4.2. Degree of Consensus
In sensor network estimation, it is very important that the estimation of all nodes is consistent. According to
Section 3, Algorithm 6 has a lower estimation variance and a higher degree of consensus. It can be seen from
Table 1 and
Table 2 that the variance has a certain correlation with estimation error. Therefore, it can be considered that the reduction of error reduces the estimation dispersion range and the variance of Algorithm 6. Similarly, because the error converges faster, the consensus convergence rate is also faster. The advantage of the degree of consensus is small in the case of a small
Q; this also means that Algorithm 6 is good at estimating unknown models and maneuvering states.
4.3. Communication Requirement
There are a large number of low-cost sensor networks with low communication bandwidths. For this kind of sensor network, the communication bandwidth requirement of the distributed filter algorithm has to be considered. From
Section 3, we know that the communication traffic of Algorithm 6 is competitive against other distributed algorithms.
As with the communication bandwidth, communication frequency is limited for low-cost sensor networks. Some algorithms must satisfy a certain number of communications in order to receive global information and maintain a certain accuracy. When the number of communications is 1 Hz, Algorithm 6 can still guarantee that every node obtains global information.

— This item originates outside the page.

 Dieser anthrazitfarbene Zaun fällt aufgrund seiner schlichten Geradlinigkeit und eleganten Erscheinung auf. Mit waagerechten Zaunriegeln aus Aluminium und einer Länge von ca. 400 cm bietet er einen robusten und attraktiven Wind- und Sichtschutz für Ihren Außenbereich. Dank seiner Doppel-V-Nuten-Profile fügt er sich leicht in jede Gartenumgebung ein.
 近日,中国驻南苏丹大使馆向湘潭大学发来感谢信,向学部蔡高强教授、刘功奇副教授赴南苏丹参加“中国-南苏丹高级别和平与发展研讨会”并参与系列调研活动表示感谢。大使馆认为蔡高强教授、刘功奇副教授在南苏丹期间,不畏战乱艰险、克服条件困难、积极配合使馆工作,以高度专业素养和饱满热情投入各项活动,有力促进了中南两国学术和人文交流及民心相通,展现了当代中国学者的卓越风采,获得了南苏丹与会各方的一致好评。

When the communication frequency is less than 1 Hz, Algorithm 6 can still guarantee that every node obtains global information by combining measurements. In short, at a low communication frequency, as long as the communication frequency is greater than 0 Hz, Algorithm 6 can obtain better accuracy than some algorithms that must run in a certain communication frequency. This communication frequency requirement is also the advantage of diffusion-based algorithms, and thus we apply the diffusion-based algorithm and optimize it.

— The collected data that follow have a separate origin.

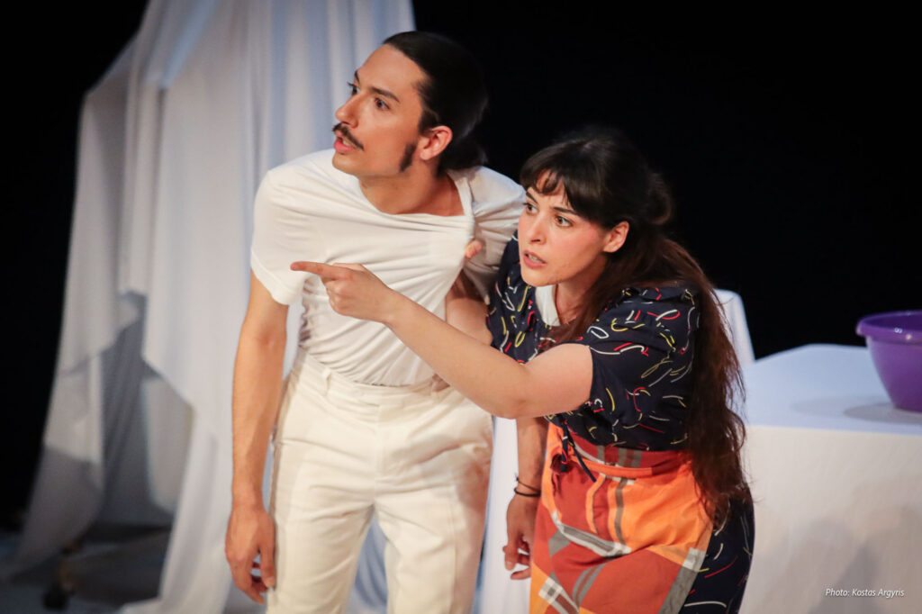 Μιχάλης: Με την καθοδήγηση του σκηνοθέτη μας, κληθήκαμε για τον κάθε ρολό ξεχωριστά να γράψουμε ένα βιογραφικό σημείωμα, όπου αργότερα έπρεπε να το φέρουμε και να το παρουσιάσουμε επί σκηνής. Η πρόκληση ξεκίνησε αρχικά με τους δύο ηθοποιούς να ανακαλύψουν τον ρόλο του αφηγητή. Σίγουρα, ο ρόλος του αφηγητή είναι πιο ουδέτερος και πιο γειωμένος από τους υπολοίπους. Δεύτερον, αποφασίσαμε να προχωρήσουμε αυτό το «παιχνίδι» σε ένα επόμενο στάδιο: Ο Μιχάλης θα περάσει και από έναν γυναικείο ρόλο, και η Ελίνα από έναν ανδρικό. Αυτό εμπλούτισε ακόμη περισσότερο τις ερμηνείες.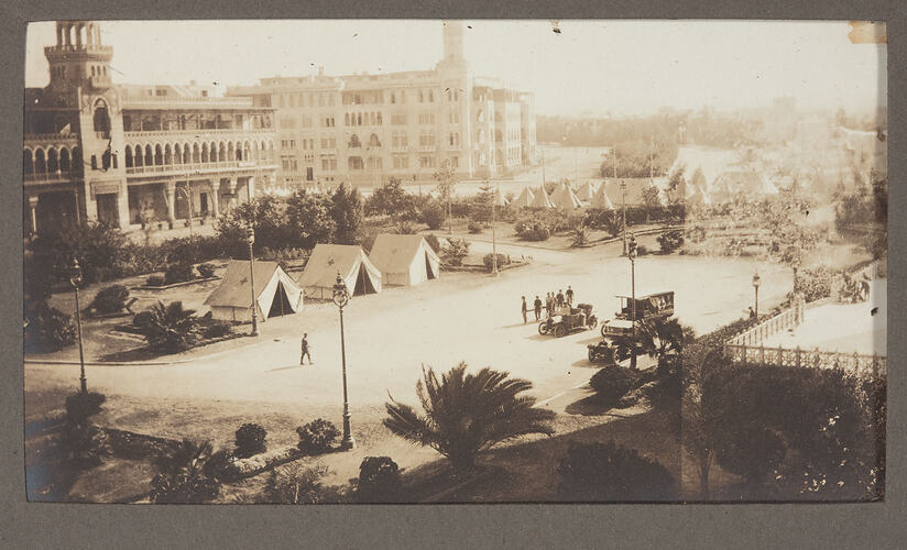Hospital Tents at Heliopolis Palace Hotel. Courtyard in foreground, three tents to the left, buildings to far left. Soldiers and motorcars to the right in foreground.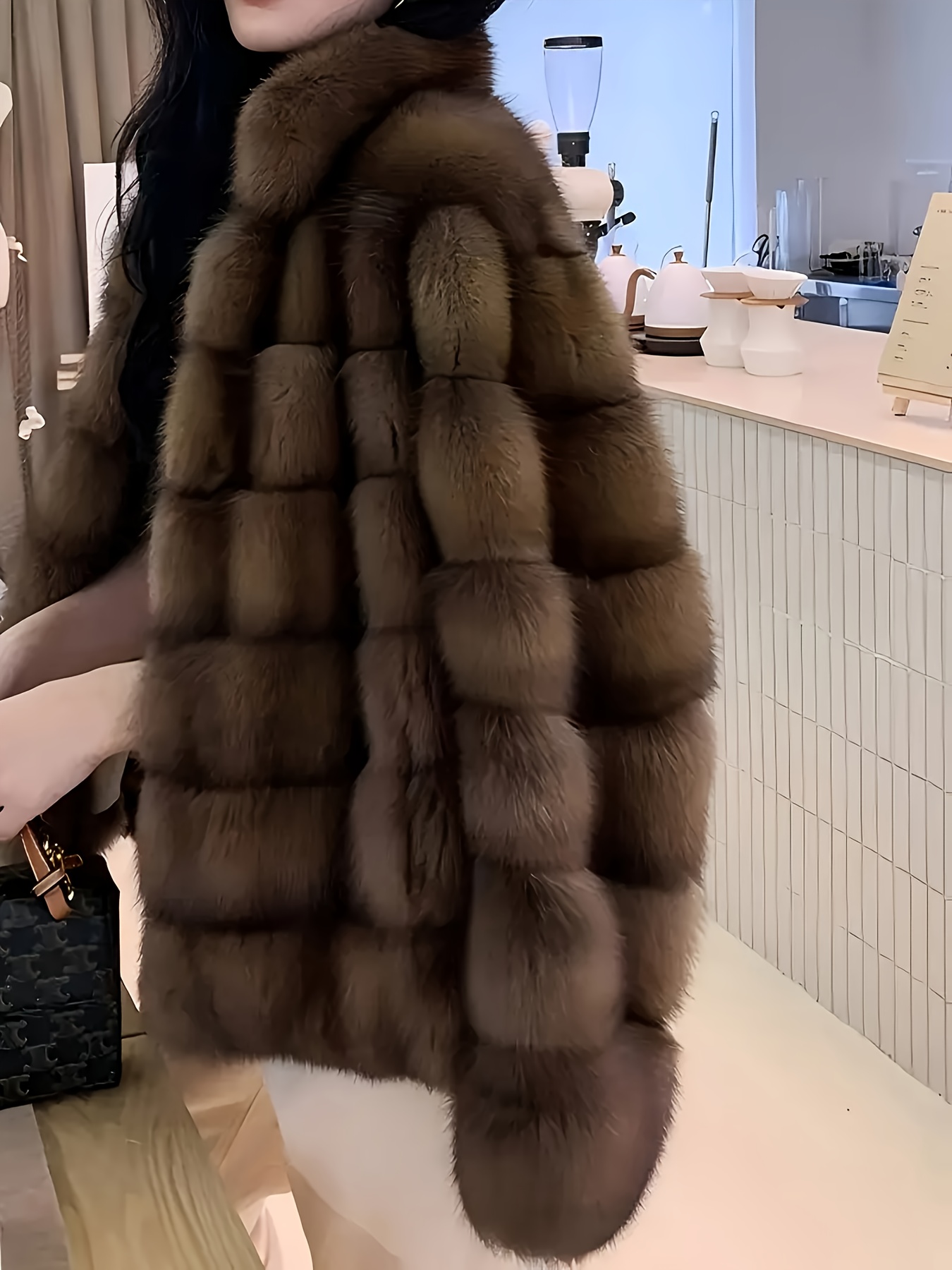 Women'S Elegant Faux Fur Coat - Ultra-Soft Plush Winter Jacket with Contrast Trim, Long Sleeves & Flared Hem, Loose Fit for Casual & Formal Occasions, Fall/Winter Fashion Essential, Winter Outerwear, Sophisticated Style, Luxurious Texture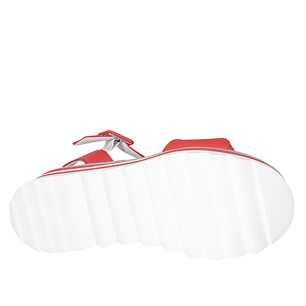 Damenriemchensandale aus blauem Lackleder mit Plateau und Keilabsatz 9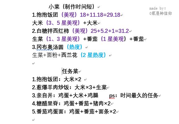 *表格没更新,里面的数据都是最新的,因为游戏没开新图,没有新食材,也没新菜。 我已经不玩了,不用加我好友了,也不收徒。后面要是游戏更新了菜谱可能会继续更新。 绿黄底是优先做的菜(红字代表食材可能会耗尽),白底红字是绿黄底中某一食材的上位替代但是可能会耗尽; 建议13口锅做绿黄底非红字菜,羁绊锅轮流做四个绿黄底红字菜。 ====2.7版本20道新菜皇冠配方==== 无 =========表格食用方法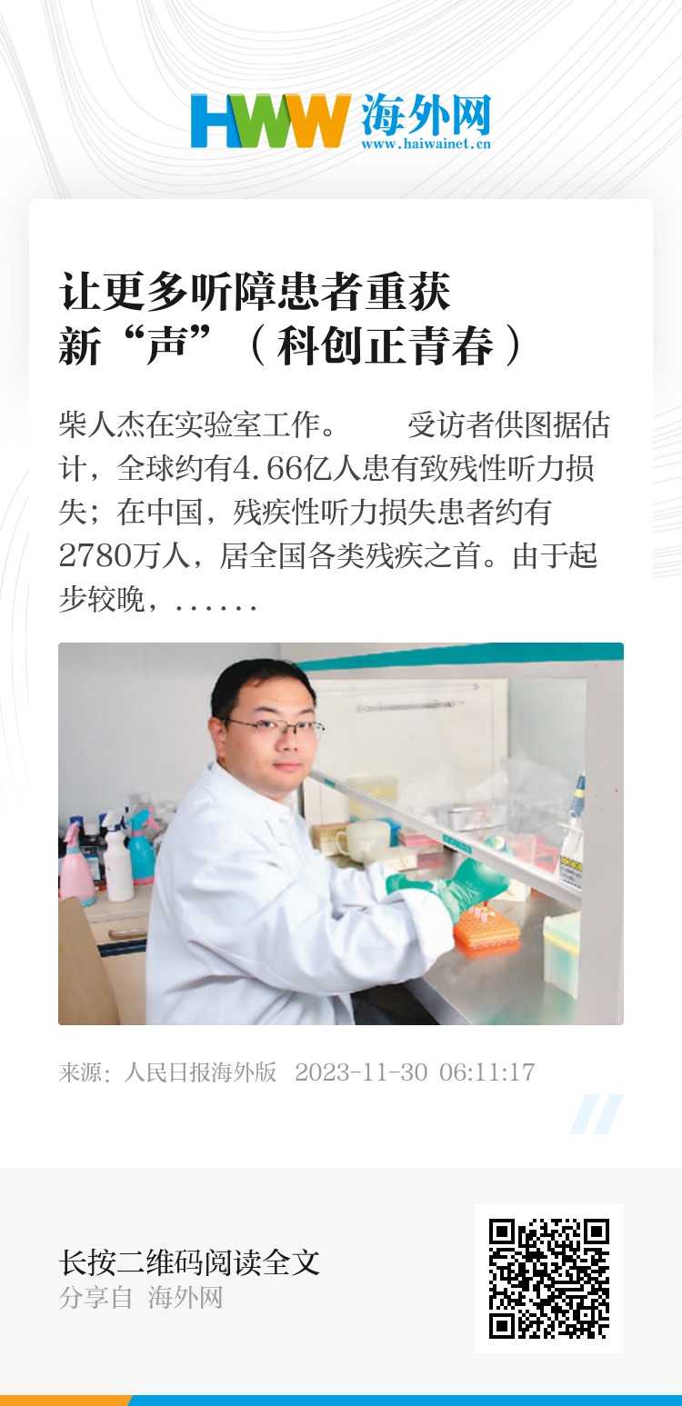 柴人杰说,刚回国工作时,实验室条件相对简陋,顶尖的检测设备、尖端实验原材料很难采购到。“这些年,国家千方百计为我们提供科研支持,让科研人的信心和底气越来越足。”柴人杰说,在科技部国家重点研发计划、中科院A类战略性先导科技专项、国家自然科学基金重点项目等多项国家级重大项目的支持下,他率领的研究团队在内耳器官的再生和保护研究方面不断取得进展。

4.4. Applicability to Different Topologies
Theorem 2 assumes that the topology of the sensor network is an acyclic graph (tree graph). In fact, Algorithm 6 can also be applied to cyclic graphs. For sensor networks with a cyclic path, we can apply the spanning tree algorithm to convert a cyclic graph to an acyclic graph before applying Algorithm 6. Without doubt, this increases the complexity of Algorithm 6, which is also one of the limitations of Algorithm 6. Next, we can study this aspect and time-varying sensor networks.

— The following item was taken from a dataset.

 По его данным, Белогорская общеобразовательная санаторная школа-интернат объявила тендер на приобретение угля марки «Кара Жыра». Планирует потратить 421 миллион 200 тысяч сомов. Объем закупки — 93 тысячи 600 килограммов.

4.5. Robustness to Local Unobservability
In some cases, some nodes miss the target but other nodes detect the target. The weight of the nodes that miss the target can be considered to be 0. At this moment, Assumption 1 still holds. Since Theorem 2 is independent of the node weight, Algorithm 6 still guarantees that Theorem 2 holds. Therefore, Algorithm 6 is robust to local unobservability and is suitable for wider sensor networks.